By making sure you have all the proper documents, deductions, and expenses prepared, you will be more able to finish your taxes efficiently and avoid the dreaded audit. Make sure you keep track of everything throughout the year, and keep copies of all documents you may need to prove your claims. Be honest and accurate: this is the easiest way to complete your taxes on time.
We all make mistakes, and it can be enormously stressful to get a call from the IRS. If you do make a mistake on your taxes, don’t worry; unless you were actively fudging the numbers, you are unlikely to experience overwhelming penalties. As a general rule, if you didn’t file quarterly taxes when you were supposed to or you didn’t pay enough, you may experience a penalty. However, you may be able to get a break from these penalties if you suffered a disaster, accident, or unusual circumstance.
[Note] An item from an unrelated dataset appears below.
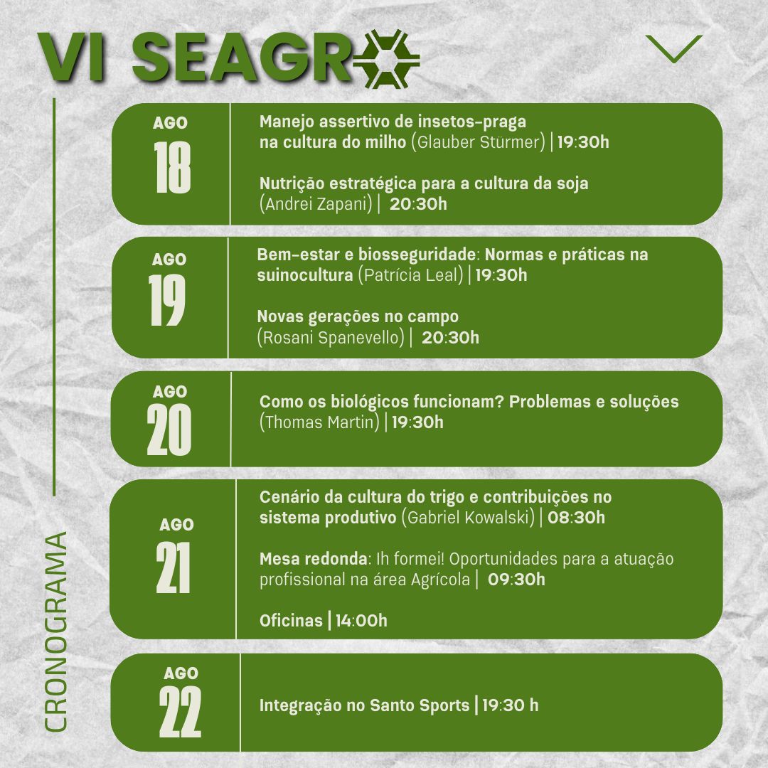 De 18 a 21 de agosto, os acadêmicos do curso superior de Bacharelado em Agronomia do IFFar – Campus Santo Augusto promoveram a VI SEAGRO - Semana Acadêmica da Agronomia, com o objetivo de promover a troca de conhecimentos e experiências entre estudantes, professores, profissionais e a comunidade em geral, trazendo reflexões sobre os rumos da agricultura e os desafios para construir um campo mais sustentável e inovador.
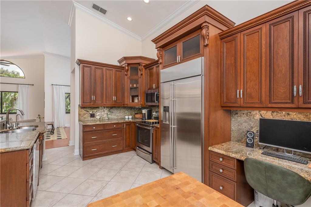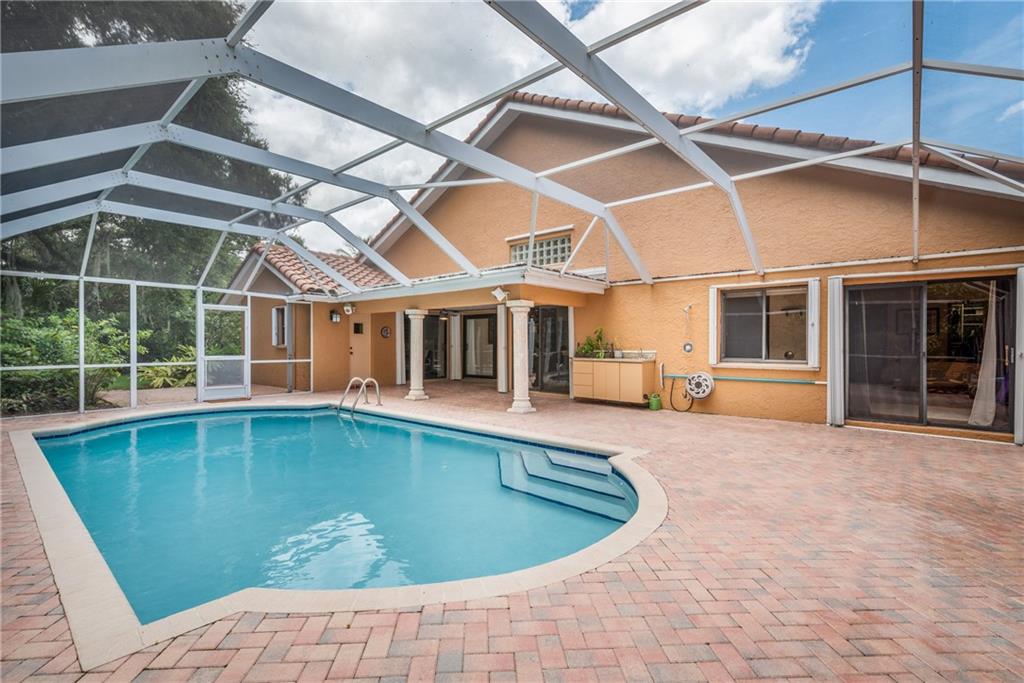 Tranquil and secluded home on over a quarter acre lot along Pine Island Ridge. Enjoy a split floor plan with vaulted ceilings & space for entertaining in this 4 bed 3 bath retreat. The kitchen is modern & efficient with granite countertops & SS appliances. Step down the hall to your master bed with a marble encased bathroom & spa, perfectly situated to soak among bubbles with a peaceful view of the forest. In addition, the guest bed has a cabana bath for your convenience. Features include new AC, new laminate flooring, hurricane impact windows & accordion shutters throughout. Walk outside to a lushly landscaped backyard with a saltwater pool and trails that lead to Tree Tops Park, Pine Island playground & 174 miles of interconnected trails for biking, hiking & horseback riding.

In addition, if you are over 62, recently became disabled, or retired, you may also be able to argue your mistake was caused by “reasonable cause” rather than “willful neglect.”
If you do happen to be audited, contact a tax professional right away. They will be able to guide you through the process and help you handle it with as little penalty as possible. Everyone makes mistakes, and the IRS doesn’t want to needlessly punish you (even if it may feel like it does sometimes.)
Many self-employed individuals such as homesteaders and farmers need a little help come tax season, so reach out to a local tax professional or CPA if you can. They will be able to talk to you about your individual needs and create a customized tax plan. In addition, make sure you keep your business and personal expenses separate, including having a separate bank account. Make sure you also pay yourself from your business earnings Even if it just seems you are moving money from one account to another, this will help you save more come tax season. Contact a local tax office if you have any questions.